Although FLAN-T5 was prompted to generate more granular output labels such as “Technical Log,” “Technical Spam,” and “Technical Newsletter” to enable qualitative inspection and contextual differentiation, these extended categories were produced directly through the instruction prompt, which explicitly allowed the model to generate one of several predefined descriptive labels. The quantitative evaluation, however, was intentionally restricted to a strictly binary formulation. Only the primary “Technical” output was treated as the positive class. All other generated labels—including subcategories and “Unidentified”—were mapped to the Nontechnical class for metric computation. This conservative mapping preserves a clear operational definition of infrastructure-relevant content and ensures consistency in performance evaluation. Consequently, all reported performance metrics correspond to a two-class classification problem (Technical vs. Nontechnical).
A total of 245,086 preprocessed e-mails were classified using FLAN-T5-Large within the Google Colab environment, leveraging an NVIDIA T4 GPU. The implementation was carried out using the Hugging Face Transformers library to ensure transparency and reproducibility. Input sequences were standardized to a fixed length of 512 tokens (approximately 3000 characters) through truncation or padding, maintaining consistent input structure. To mitigate truncation bias, longer messages were processed using a structured policy that preserved complete subject lines, boundary sentences, and domain-relevant expressions such as “server,” “port,” or “version.” This approach ensured that key technical information remained intact within the model’s context window.
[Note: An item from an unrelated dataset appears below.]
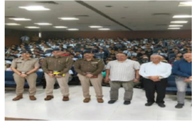
વડોદરા પોલીસનું 'સુરક્ષિત ભવિષ્ય' અભિયાન: રોઝરી સ્કૂલના બાળકોને સાયબર સેફ્ટી અને ડ્રગ્સ મુક્ત જીવનના પાઠ ભણાવ્યા

માટે ૧૧૨ ડાયલ કરવા જણાવાયું હતું. મદદનીશ પોલીસ કમિશનર ડી.જે. ચાવડાની અધ્યક્ષતામાં યોજાયેલા આ કાર્યક્રમે વિદ્યાર્થીઓમાં સુરક્ષા અને સામાજિક જવાબદારીની નવી જ્યોત જગાવી છે. શાળાના સંચાલકોએ પોલીસના આ નવતર અભિગમને બિરદાવ્યો હતો.

The model was configured with a decoding temperature of 0 to ensure deterministic outputs. Inference was performed using greedy decoding (temperature = 0, max_length = 512) without sampling-based strategies (e.g., top-k or top-p). No constrained decoding or vocabulary restriction mechanisms were applied; outputs were generated using the standard model.generate() function from the Hugging Face Transformers library. This setup provides stable and auditable predictions, which is crucial for enterprise-grade reproducibility. Each e-mail was processed as a combined subject–body string appended to the following instruction: "Classify the e-mail into one of the following categories: Technical, Technical Log, Technical Spam, Technical Newsletter, Non-Technical. Respond with only one category name.". Classification decisions were based directly on the generated categorical label. The model operated under free-form generation. Generated outputs were post-processed and mapped to the predefined category set by resolving minor casing or formatting variations. Outputs that could not be unambiguously mapped were labeled as “Unidentified.” For quantitative evaluation, all outputs were consolidated into a binary taxonomy (Technical vs. Nontechnical) as described above. No explicit probability extraction, token-level scoring, or post hoc calibration procedure was applied. Outputs that did not conform to the predefined label set were retained for qualitative inspection.
As shown in
Figure 3, the instruction prompt guided the model to determine each e-mail’s technical relevance. The resulting label distribution across the Enron corpus is summarized in
Table 2.
5.1. Evaluation Strategy
To assess model robustness rather than perform parameter training, three evaluation partitions were created: (i) a random 80/20 split, (ii) a time-based split where earlier e-mails formed partition A and later ones partition B, and (iii) a cross-mailbox split, in which all messages from specific users were held out for testing. These configurations were designed solely to examine temporal and user-level generalization, as the FLAN-T5-Large model was evaluated under an instruction-following configuration designed to assess generalization across temporal and user-level partitions. This evaluation setup emphasizes robustness and deployment realism rather than parameter optimization.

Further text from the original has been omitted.